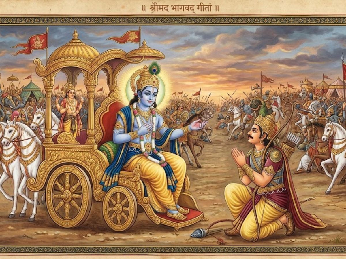 Bhagavad Gita Shlokas: The Shrimad Bhagavad Gita is regarded as one of the greatest spiritual texts in the world. It is not only widely read but also frequently recited and discussed across generations. Many believe that every aspect of life can be understood and explained through the teachings of the Gita. In India’s Sanatan tradition, the Gita is not just worshipped but also followed as a practical guide to live a meaningful life.
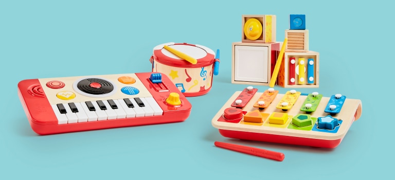 Dieses tragbare Musikinstrument überzeugt kleine DJs sofort. Es ist perfekt, um ihren ersten Sound zu kreieren. Das integrierte Keyboard bietet vier Instrumentenklänge und sorgt mit 18 lustigen Soundeffekten dafür, dass die Party so richtig abgeht.
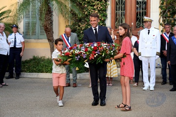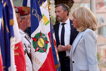 Le président Emmanuel Macron et sa femme Brigitte Macron participent à la cérémonie du 80ème anniversaire de la libération de la ville de Bormes-les-Mimosas

_Exercise directions_:
Start with the line that holds "Dieses tragbare Musikinstrument" and retype each line through the last one in the data, exactly and without pictures.

_Written response_:
 Dieses tragbare Musikinstrument überzeugt kleine DJs sofort. Es ist perfekt, um ihren ersten Sound zu kreieren. Das integrierte Keyboard bietet vier Instrumentenklänge und sorgt mit 18 lustigen Soundeffekten dafür, dass die Party so richtig abgeht.
 Le président Emmanuel Macron et sa femme Brigitte Macron participent à la cérémonie du 80ème anniversaire de la libération de la ville de Bormes-les-Mimosas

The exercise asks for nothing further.